The Public Sector Shift to Post-Quantum Cryptography
Since the transition will take decades, there’s heightened urgency to address quantum security risks now. I anticipate that this year, we will see more standardization of and transition to post-quantum cryptography across critical sectors and governments. NIST will issue new Post-Quantum Cryptography (PQC) Standards following its initial draft published in August. The National Quantum Initiative Act reauthorization will also continue making its way to the House floor for a vote in the coming months, with a goal to transition the U.S. from quantum R&D to actual application.
The Impact of SEC Disclosure Rule on Quantum Security
On the private sector side, security leaders and CISOs will be held to an even higher standard given the new Securities and Exchange Commission’s cybersecurity reporting rules, which states that if and when a cyber breach occurs, organizations are mandated to publicly report cyber incidents within four business days after determining the incident was material.

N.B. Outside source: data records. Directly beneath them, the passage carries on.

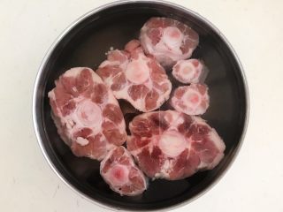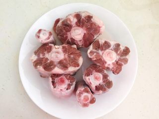 把牛放入冷水中浸泡60分钟,每隔20分钟换一次水,泡出牛骨中的血水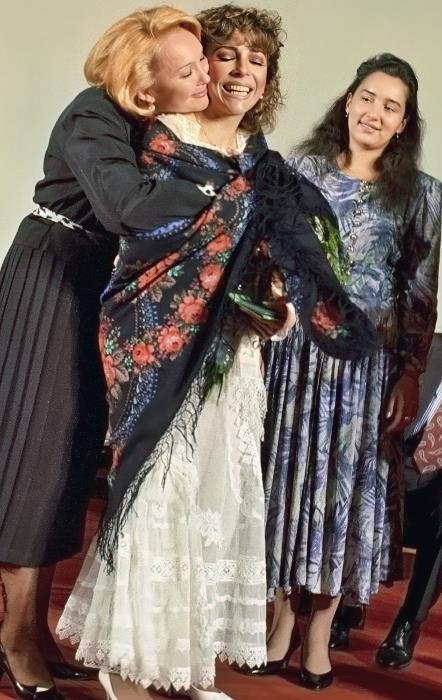 Заслуженная артистка РСФСР Наталья Гвоздикова (слева) дарит павлопосадский платок Веронике Кастро во время встречи в Доме кино. 1992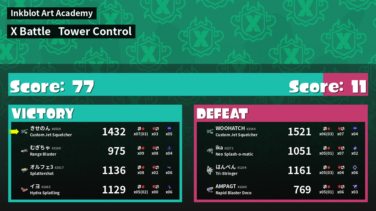 | Mode | Tower Control - X Battle | ||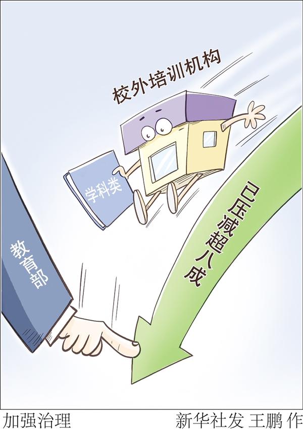 记者12月21日从教育部新闻发布会获悉,“双减”政策实施以来,校外培训治理工作取得了明显进展,学科类培训大幅压减,目前线下校外培训机构已压减83.8%,线上校外培训机构已压减84.1%。 新华社发 王鹏 作

To avoid not only the security and operational repercussions, but also potential reputational damage, this means that CISOs and cybersecurity leaders will need to monitor systems more closely for HNDL attacks. Organizations should conduct an audit of their cryptographic systems to understand what encryption methods are in use across their businesses today, know where the encryption keys are stored, evaluate the risk with each cryptographic system and ultimately begin the transition to quantum-secure encryption methods as soon as possible. This will be an ongoing effort to make this adjustment, but an important one to ensure the security of critical data now before quantum computers are exploited by bad actors to decrypt sensitive information.
The rapid advancements in quantum computing present great opportunity, but also pose an imminent and profound threat to our collective data privacy and security. This year is poised to bring regulatory measures and a heightened awareness of the quantum threat, but malicious actors are already getting their hands on sensitive data. The transition to quantum-secure encryption needs to begin now.
Qrypt CTO and co-founder, Denis Mandich, focuses on quantum security, R&D, post-quantum encryption (PQC) algorithms, and standards bodies. He holds several patents in cryptography, cyber technologies, and information processing. Denis is a founding member of the Quantum Economic Development Consortium (QED-C), a founding member of the NSF-funded Mid-Atlantic Quantum Alliance (MQA), an industry advisor to the first NSF-IUCRC-funded Center for Quantum Technologies (CQT), advisor to the Quantum Startup Foundry and former board member of quantum chip manufacturer Quside. Before joining Qrypt, Denis served 20 years in the US Intelligence Community working on national security projects, cyberinfrastructure, and advanced technology development. He has degrees in Physics from Rutgers University and speaks native-level Croatian and Russian. He publishes extensively on the quantum threat to national economic security.